Business growth brings the small and medium-sized enterprise (SME) to the realisation that it can no longer sustain the informal, regular personal interaction with its customers - often a differentiator that allowed it to compete successfully with larger rivals.
Close customer understanding allows SMEs to tailor their offerings in response to customer needs and new competitors. Under these circumstances, a CRM system can be a strategic tool for retaining customers and acquiring new ones as the business grows.
Disparate information systems are a characteristic of the information technology infrastructure of most businesses, small and large. Companies traditionally buy software to fulfil a particular business need - financials, e-mail, inventory, manufacturing, distribution. They have bought the product best suited to the business at the time.
Over the years the number of systems has increased, along with complexity and the lack of integration. This means the company faces difficulties basing decisions on different versions of the "truth" emanating from information that could be duplicated, conflicting and incomplete, resulting in several versions of the "truth".
What benefit, therefore, would be yet another software package with yet another data source "bolted on" to the others - similar in its isolation and inability to draw from the information generated from others?
Complex organisations
CRM applications aimed specifically at small businesses often fail to measure up to the organisation's complexity. The lack of close integration with the rest of the business' IT infrastructure can rob the SME of CRM's full potential. The lack of customisation and configuration options can make the applications inflexible.

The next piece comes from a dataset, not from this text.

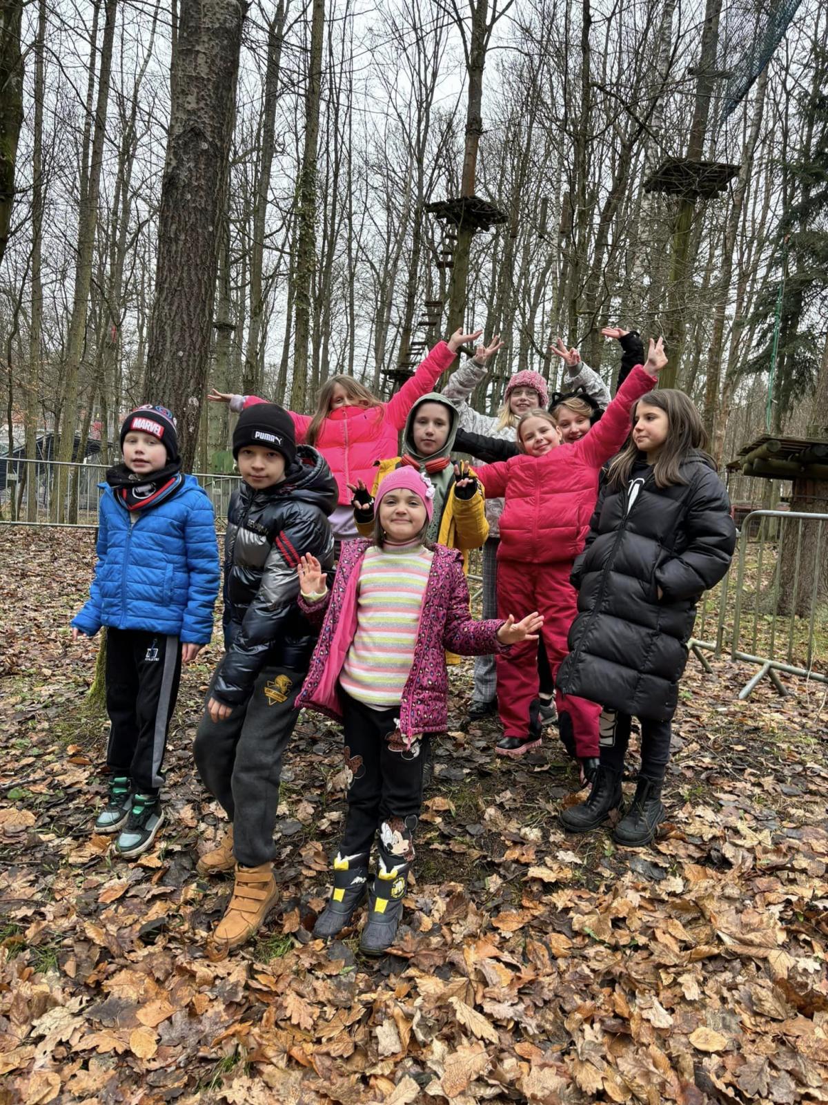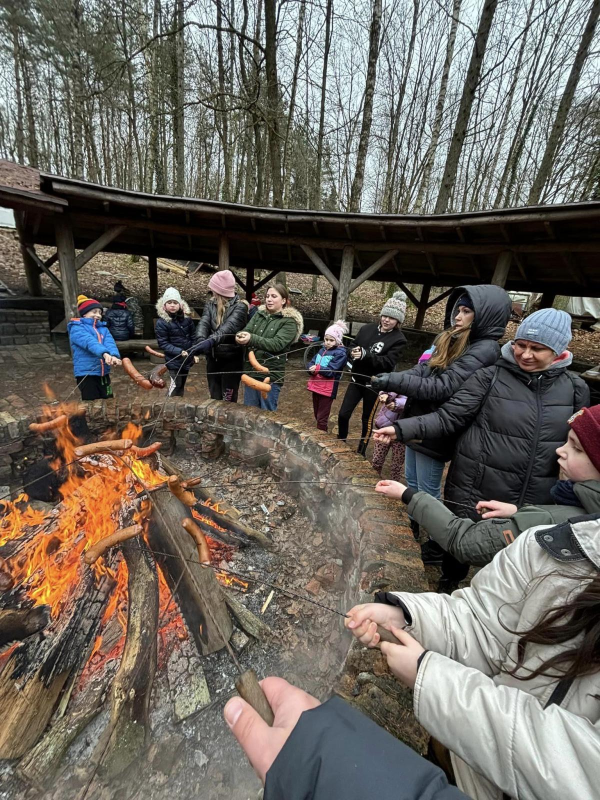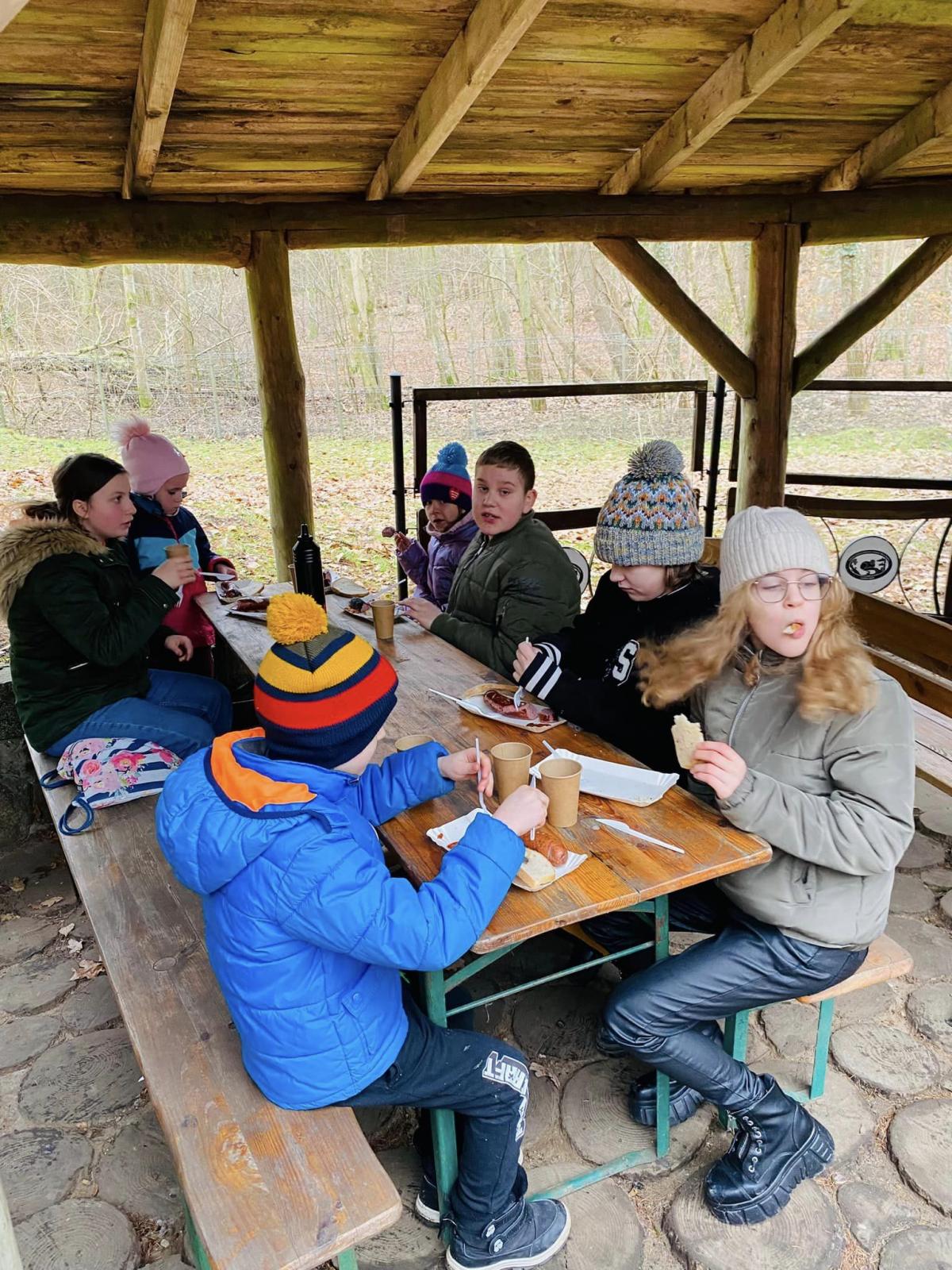 Na zakończenie ferii dzieci wybrały się na spacer po zimowej scenerii lasu. W parku „Leśny Kot” czekał gorący żurek i ognisko. Odbyły się zabawy ruchowe i gry.
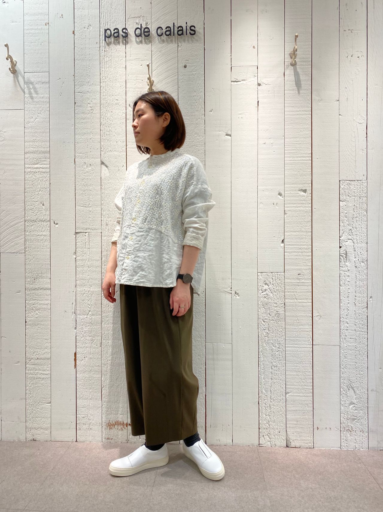 麻特有のさらりとした質感の中にも、柔らかさを残したリラックス感のあるブラウスに仕上げています。

At this stage the small business owner needs to consider the most effective way for a CRM system to be incorporated into its IT infrastructure. CRM is best thought of as a strategy - not a technology - and correctly implemented it can significantly reduce errors and costs of sale in addition to increasing sales revenue.
An effective CRM strategy involves, in the main, the closer integration of existing systems. Valuable customer information already resides within existing information systems and the creation of a completely new application that requires a complete new set of information is a duplication of effort, which resource-strapped SMEs can do without.
Information integration entails looking at the business from two points of view - processes enabled by applications, and data stored in databases. Installing a database from which all applications can be run is a low-risk first step towards achieving a greater level of integration.
Large companies battle with the problem of having individual databases for each application - one for financials, one for HR, one for inventory, and so on. A smaller business moving to the next step of expansion could implement a single database and achieve a level of efficiency to which many larger companies still aspire.